╭──

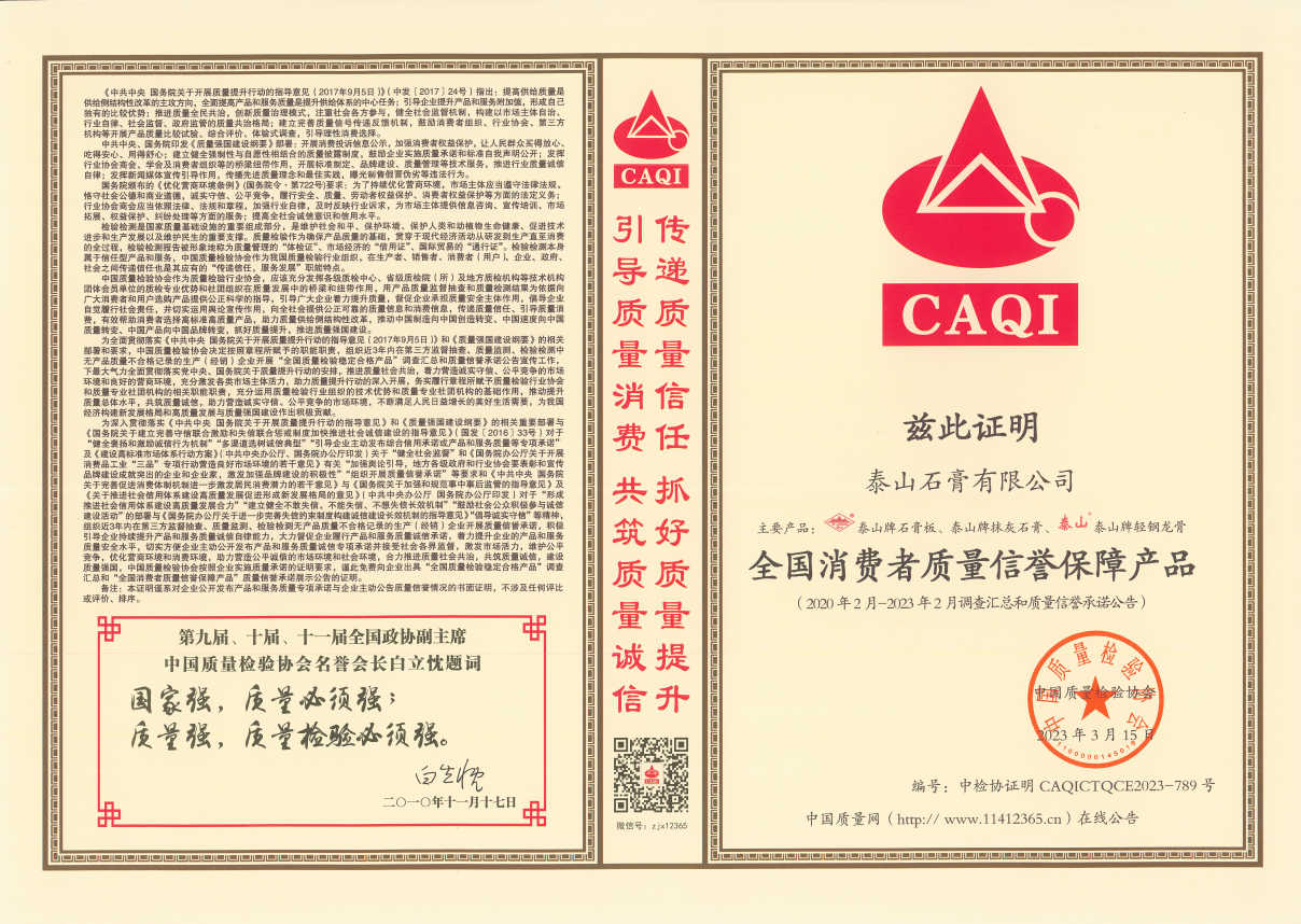 奖项名称: 全国质量检验信誉保障产品、全国消费者质量信誉保障产品 颁发机构: 中国质量检验协会 2023年03月15日 奖项说明:
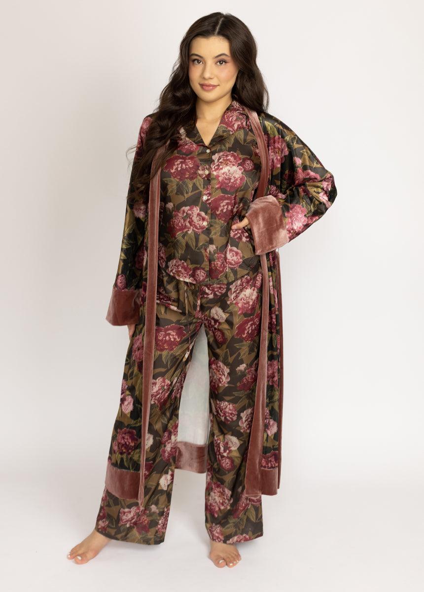 Indulge in luxury with our Lyana PJ Set, designed for women who appreciate style and comfort. This pajama set features a stunning custom print on silky satin fabric, ensuring a soft, smooth feel against your skin. For a complete, coordinated look, pair it with our matching Kamila Robe, creating the ultimate in chic, cozy elegance. Top & bottom set High waisted bottoms Functional waist tie Long sleeve top Button front 100% Polyester Hand wash only, line dry Model is 5'5 wearing an XS
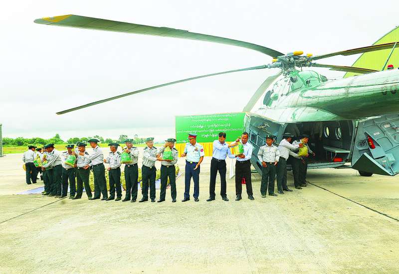 သယံဇာတနှင့်သဘာဝပတ်ဝန်းကျင်ထိန်းသိမ်းရေးဝန်ကြီးဌာနနှင့် ကာကွယ်ရေးဦးစီးချုပ်ရုံး(လေ)တို့၏ ပူးပေါင်းစီစဉ်မှုဖြင့် ပြည်ထောင်စုနယ်မြေ နေပြည်တော် ဥတ္တရခရိုင် တပ်ကုန်းမြို့နယ် ဆင်သေချောင်းရေဝေ ရေလဲဧရိယာအတွင်းရှိ လွှဘုံကြိုးဝိုင်းအတွင်းနှင့် ရှမ်းပြည်နယ်တောင်ကြီးခရိုင် ညောင်ရွှေမြို့နယ် အင်းလေကန်ရေဝေရေလဲ ဧရိယာအတွင်းရှိ အင်းလေးအနောက် ကြိုးပြင်ကာကွယ်တောတို့အတွင်းရှိ တောနိမ့်တောပါး၊ ကွက်လပ်ဖြစ်ပေါ်နေသော တောင်ကုန်းများတွင် တပ်မတော်ရဟတ်ယာဉ်ဖြင့် သစ်စေ့မြေလုံးများကြဲချခြင်းကို ယနေ့နံနက်ပိုင်းတွင် ဆောင်ရွက်ကြသည်။
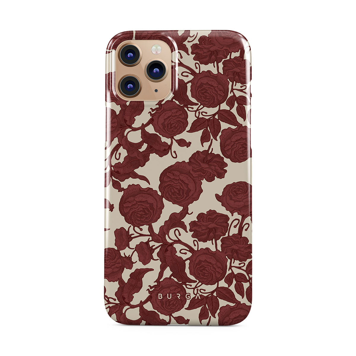 En este diseño: rosas rojo oscuro, patrón floral intrincado y estampado vintage.
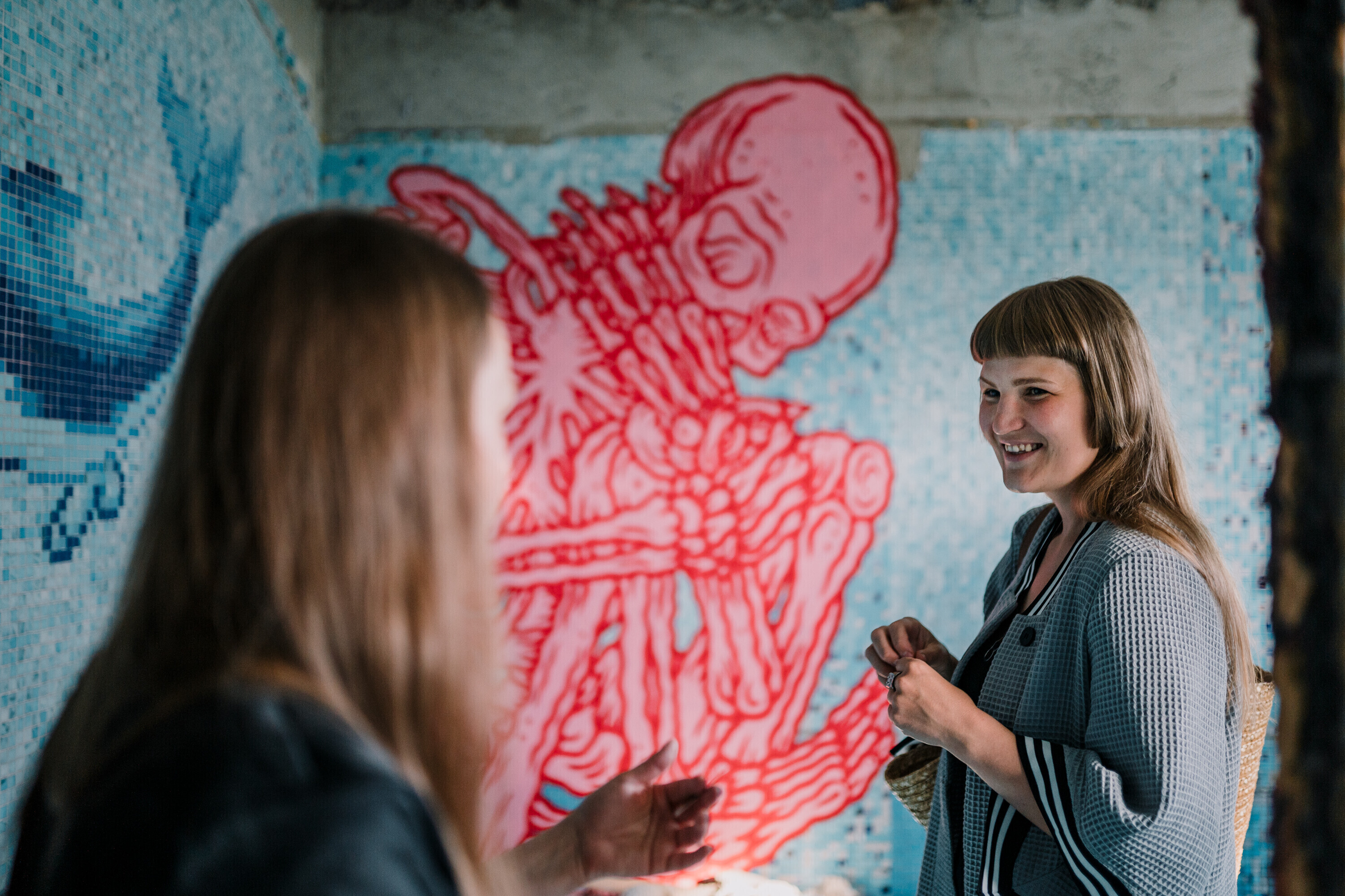 Stina Leek pööras oma kunstiga enda omaks ruumi, millega varem seostusid pigem halvad emotsioonid. "Ma töötasin siin kunagi, see oli minu esimene töökoht pärast gümnaasiumi lõpetamist. Ja mul ei ole just kõige lahedamad kogemused, eriti just selle türgi saunaga siin, kus pidid igasugu inimesi teenindama. See ei olnud just kõige lahedam kogemus ühele tüdrukule," selgitas Leek "Aktuaalsele kaamerale".
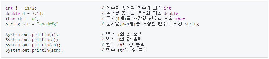 변수를 선언할 때 변수에 저장할 값의 종류에 따라 변수의 타입을 선택해야 한다.
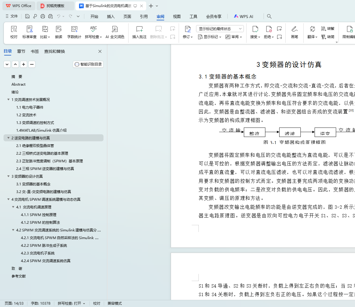 Key words: SPWM (sinusoidal pulse width modulation); AC motor speed regulation; Simulink simulation; magnetic chain equation; dynamic simulation

╰──

- _Prompt_: Beginning with the line where "변수를 선언할 때 변수에 저장할 값의 종류에 따라 변수의 타입을 선택해야 한다." appears, reproduce every remaining line of the listing above, the last one included, but none of the pictures.

- _Finished task_:
 변수를 선언할 때 변수에 저장할 값의 종류에 따라 변수의 타입을 선택해야 한다.
 Key words: SPWM (sinusoidal pulse width modulation); AC motor speed regulation; Simulink simulation; magnetic chain equation; dynamic simulation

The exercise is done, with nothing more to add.